▸ **TASK DETAILS**
Output all records below verbatim.

▸ **DATASET ENTRIES**
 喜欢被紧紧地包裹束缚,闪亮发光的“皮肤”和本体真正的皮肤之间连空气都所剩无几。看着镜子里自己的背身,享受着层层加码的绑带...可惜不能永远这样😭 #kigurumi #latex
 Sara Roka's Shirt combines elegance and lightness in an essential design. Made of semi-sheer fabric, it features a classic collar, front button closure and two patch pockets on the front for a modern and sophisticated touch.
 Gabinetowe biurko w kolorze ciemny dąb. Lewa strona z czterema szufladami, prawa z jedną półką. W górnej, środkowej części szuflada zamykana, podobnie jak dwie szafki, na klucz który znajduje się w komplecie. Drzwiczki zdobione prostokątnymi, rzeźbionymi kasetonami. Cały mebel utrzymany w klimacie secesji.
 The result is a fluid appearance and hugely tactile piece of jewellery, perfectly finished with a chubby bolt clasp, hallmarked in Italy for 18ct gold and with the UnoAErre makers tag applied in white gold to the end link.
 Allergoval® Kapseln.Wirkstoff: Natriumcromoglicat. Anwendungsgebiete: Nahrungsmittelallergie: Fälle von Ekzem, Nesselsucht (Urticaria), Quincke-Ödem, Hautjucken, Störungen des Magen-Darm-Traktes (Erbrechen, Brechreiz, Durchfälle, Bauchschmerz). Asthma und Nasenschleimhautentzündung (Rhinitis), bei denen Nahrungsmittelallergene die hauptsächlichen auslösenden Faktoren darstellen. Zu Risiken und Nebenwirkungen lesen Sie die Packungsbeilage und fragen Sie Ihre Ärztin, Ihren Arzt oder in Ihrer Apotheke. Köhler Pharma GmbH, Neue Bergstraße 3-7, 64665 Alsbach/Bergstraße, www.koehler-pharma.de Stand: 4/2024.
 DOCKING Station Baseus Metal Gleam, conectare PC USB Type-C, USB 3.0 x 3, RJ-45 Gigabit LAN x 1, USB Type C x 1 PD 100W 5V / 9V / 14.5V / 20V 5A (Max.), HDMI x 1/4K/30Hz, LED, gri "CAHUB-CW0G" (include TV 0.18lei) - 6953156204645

▸ **TASK RESPONSE**
 喜欢被紧紧地包裹束缚,闪亮发光的“皮肤”和本体真正的皮肤之间连空气都所剩无几。看着镜子里自己的背身,享受着层层加码的绑带...可惜不能永远这样😭 #kigurumi #latex
 Sara Roka's Shirt combines elegance and lightness in an essential design. Made of semi-sheer fabric, it features a classic collar, front button closure and two patch pockets on the front for a modern and sophisticated touch.
 Gabinetowe biurko w kolorze ciemny dąb. Lewa strona z czterema szufladami, prawa z jedną półką. W górnej, środkowej części szuflada zamykana, podobnie jak dwie szafki, na klucz który znajduje się w komplecie. Drzwiczki zdobione prostokątnymi, rzeźbionymi kasetonami. Cały mebel utrzymany w klimacie secesji.
 The result is a fluid appearance and hugely tactile piece of jewellery, perfectly finished with a chubby bolt clasp, hallmarked in Italy for 18ct gold and with the UnoAErre makers tag applied in white gold to the end link.
 Allergoval® Kapseln.Wirkstoff: Natriumcromoglicat. Anwendungsgebiete: Nahrungsmittelallergie: Fälle von Ekzem, Nesselsucht (Urticaria), Quincke-Ödem, Hautjucken, Störungen des Magen-Darm-Traktes (Erbrechen, Brechreiz, Durchfälle, Bauchschmerz). Asthma und Nasenschleimhautentzündung (Rhinitis), bei denen Nahrungsmittelallergene die hauptsächlichen auslösenden Faktoren darstellen. Zu Risiken und Nebenwirkungen lesen Sie die Packungsbeilage und fragen Sie Ihre Ärztin, Ihren Arzt oder in Ihrer Apotheke. Köhler Pharma GmbH, Neue Bergstraße 3-7, 64665 Alsbach/Bergstraße, www.koehler-pharma.de Stand: 4/2024.
 DOCKING Station Baseus Metal Gleam, conectare PC USB Type-C, USB 3.0 x 3, RJ-45 Gigabit LAN x 1, USB Type C x 1 PD 100W 5V / 9V / 14.5V / 20V 5A (Max.), HDMI x 1/4K/30Hz, LED, gri "CAHUB-CW0G" (include TV 0.18lei) - 6953156204645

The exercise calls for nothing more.